Connected to a lightweight CTC classification head.
Trained and evaluated using the same Khmer speech datasets.

The resulting validation CTC loss was used as the primary evaluation metric.

Training Methodology

Phase 1: Frozen Encoder Evaluation

For each backbone:

The encoder parameters were frozen.
A randomly initialized CTC head was attached.
Only the CTC head was trained.
Validation CTC loss was used to assess encoder quality.

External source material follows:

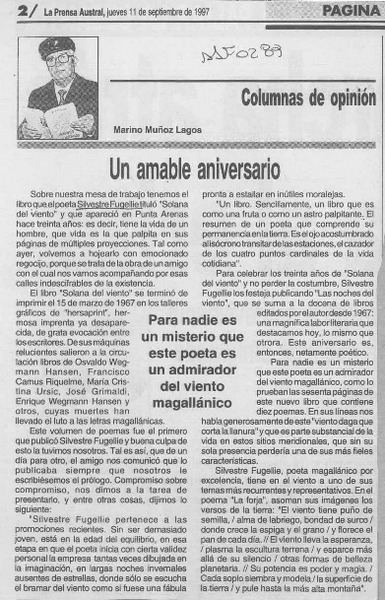 Un amable aniversario [artículo] Marino Muñoz Lagos.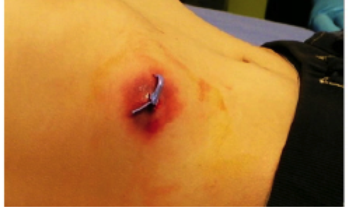 - Keep the area covered with a clean dressing to absorb the drainage and protect the loop from getting pulled on.

This approach evaluates how useful the pretrained speech representations are for Khmer ASR without any encoder fine-tuning.

Results

Encoder	Validation CTC Loss
Whisper Base	0.5663
WavLM Base	0.6031
Wav2Vec2 Base	0.7836

Ranking

🥇 Whisper Base — 0.5663

🥈 WavLM Base — 0.6031

🥉 Wav2Vec2 Base — 0.7836

Based on these experiments, Whisper Base produced the strongest transferable speech representations for Khmer ASR and was selected as the backbone for subsequent training stages.

Selected Backbone

{
  "best_backbone_key": "whisper-base",
  "best_backbone_id": "openai/whisper-base",
  "hidden_size": 512,
  "checkpoint_path": "./whisper-base_best.pt"
}

Best Checkpoint

whisper-base_best.pt

Training Datasets

The benchmark used a combination of multiple Khmer speech datasets.

1. Khmer GRKPP Speech

Dataset:

seanghay/khmer_grkpp_speech

2. KM Speech Corpus

Dataset:

seanghay/km-speech-corpus

3. FLEURS + OpenSLR42 + MPWT

Dataset:

KrorngAI/fleurs_openslr42_mpwt

For balanced experimentation, up to 3,000 samples per dataset were used during backbone evaluation.

Vocabulary

The model uses a character-level Khmer vocabulary containing:

Khmer consonants
Khmer vowels
Khmer diacritics
Khmer numerals
Khmer punctuation marks
Special CTC tokens

Special Tokens

[BLANK]
[PAD]
[MASK]
[UNK]

Vocabulary Size

108 tokens

Repository Contents

.
├── whisper-base_best.pt
├── README.md
└── benchmark metadata

Experimental Goal

This repository is not intended to be a production-ready ASR system.

Instead, it provides:

A Khmer ASR encoder benchmark
Pretrained CTC evaluation checkpoints
A comparison between Whisper, WavLM, and Wav2Vec2 representations
A foundation for future Khmer ASR research and fine-tuning

Key Findings

Whisper Base achieved the lowest validation CTC loss.
WavLM Base performed competitively and ranked second.
Wav2Vec2 Base showed weaker transferability on the evaluated Khmer datasets.
Frozen encoder evaluation provides an efficient way to compare speech backbones before expensive full-model training.

Future Work

Planned improvements include:

Full encoder fine-tuning
Larger Khmer speech datasets
Language model integration
Beam search decoding
Character Error Rate (CER) evaluation
Word Error Rate (WER) evaluation
Deployment-ready Khmer ASR models

Citation

If you use this repository in your research, please cite:

@misc{uk2026khmerasrbenchmark,
  title={Khmer ASR Encoder Benchmark and Pretrained Checkpoints},
  author={Uk, Panhapich},
  year={2026},
  publisher={Hugging Face},
  url={https://huggingface.co/Panhapich/pre-trained_whisper_wavLM}
}

Author

Panhapich Uk

Independent research project focused on:

Khmer Automatic Speech Recognition (ASR)
Speech representation learning
Low-resource language technologies
Self-supervised speech models

License

This project is released under the MIT License.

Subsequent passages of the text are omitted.